Le Venezuela divise l'Amérique latine
Deux mois après l'élection présidentielle, la situation politique au Venezuela semble dans l'impasse. L'espoir d'un changement s'est transformé en illusion, la mobilisation organisée par Maria Corina Machado se heurtant à une répression sans précédent de la part du régime de Maduro.
L'opposition dirigée par Edmundo Gonzalez et Maria Corina Machado a revendiqué sa victoire, avec plus de 80% des voix. Cependant Nicolas Maduro a conservé le pouvoir, soutenu par les différentes institutions qu'il contrôle : le Conseil national électoral, l'armée et le ministère de la Justice. Depuis les élections, les dissidents politiques sont traqués par la police et l'armée. Maria Corina Machado et Edmundo Gonzalez ont été accusés de complot et de terrorisme et contraints de se cacher.
La stratégie de Nicolas Maduro semble avoir porté ses fruits, puisque Edmundo Gonzalez a récemment fui le pays. Le candidat de l'opposition a expliqué avoir été contraint de signer une lettre reconnaissant sa défaite à l'élection présidentielle avant de monter dans un avion pour l'Espagne.
L'exil d'Edmundo González est un coup dur pour l'opposition, même si Maria Corina Machado n'a pas encore abandonné ses espoirs de vaincre Maduro. Dans une récente interview, elle a expliqué que le régime de Maduro était de plus en plus isolé au niveau national et international. Elle a demandé aux dirigeants internationaux de continuer à faire pression sur le régime de Nicolas Maduro.

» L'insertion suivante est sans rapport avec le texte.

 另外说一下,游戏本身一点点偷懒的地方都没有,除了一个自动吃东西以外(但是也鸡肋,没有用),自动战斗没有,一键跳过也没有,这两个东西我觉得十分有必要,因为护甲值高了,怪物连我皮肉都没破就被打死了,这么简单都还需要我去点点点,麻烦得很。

La pression internationale semble être le seul espoir qui reste à l’opposition. Cependant, les réactions de certaines personnalités régionales comme Lula au Brésil ou Gustavo Petro en Colombie n’ont pas encore eu d’impact significatif. En réalité, la situation au Venezuela continue de diviser les dirigeants latino-américains. Lors de l’Assemblée générale des Nations Unies 2024 cette semaine, certains chefs d’État se sont empressés de faire pression sur Nicolas Maduro, tandis que d’autres n’ont même pas évoqué le Venezuela.
Le président américain Joe Biden a apporté son soutien à l'opposition vénézuélienne, affirmant que les Vénézuéliens avaient voté pour un changement « qui ne peut être nié ». Le Paraguayen Sebastian Peña et l'Argentin Javier Milei ont critiqué le régime de Maduro et le manque de transparence des résultats des élections. De même que le président chilien Gabriel Boric, qui a mis en garde la communauté internationale contre l'impact direct de cette nouvelle crise sur la région, affirmant que le Chili ne pouvait pas accueillir davantage de migrants fuyant le Venezuela.
Cependant, Lula et Gustavo Petro n'ont pas mentionné le Venezuela dans leurs discours respectifs. Depuis deux mois, le Brésil et la Colombie ne reconnaissent pas la victoire de Maduro mais lui accordent le bénéfice du doute, en demandant à l'organisme électoral vénézuélien de publier les preuves de sa victoire. Les deux pays ont engagé des négociations avec Caracas pour trouver une solution à cette crise politique mais rien n'a été obtenu jusqu'à présent. Lula a même évoqué la possibilité d' organiser de nouvelles élections avec des observateurs internationaux.
Dans une interview à CNN, Gustavo Petro a assuré que ni la Colombie ni le Brésil ne reconnaîtraient la victoire de Maduro sans la présentation du décompte des voix. Le président colombien a également indiqué que de nouvelles discussions devraient avoir lieu prochainement entre le Brésil, la Colombie, le Mexique et le Venezuela. Il est toutefois difficile d'envisager un résultat significatif de ces négociations, surtout à l'approche des élections américaines du 5 novembre.
Les résultats des élections américaines pourraient en effet être déterminants pour l'avenir de la démocratie vénézuélienne, même si ni Kamala Harris ni Donald Trump n'ont clairement indiqué comment ils géreraient la situation s'ils étaient élus. En attendant, l'administration américaine en place envisage, une fois de plus, d'imposer des sanctions au Venezuela et notamment à l'industrie pétrolière et gazière. Washington pourrait révoquer la licence de Chevron au Venezuela, ce qui constituerait une perte énorme pour le régime de Maduro.
Malheureusement, les hésitations de pays clés comme le Brésil, la Colombie et les États-Unis ont donné un temps précieux à Nicolas Maduro pour renforcer sa position. Et la période électorale américaine pourrait encore retarder toute avancée diplomatique significative jusqu’en janvier 2025. Dans ce contexte, l’opposition, aujourd’hui disloquée, doit repenser sa stratégie et maintenir la mobilisation. Maria Corina Machado entend rester active, notamment sur les réseaux sociaux. Elle a appelé hier ses partisans à se rassembler ce samedi au Venezuela et partout dans le monde, deux mois exactement après l’élection.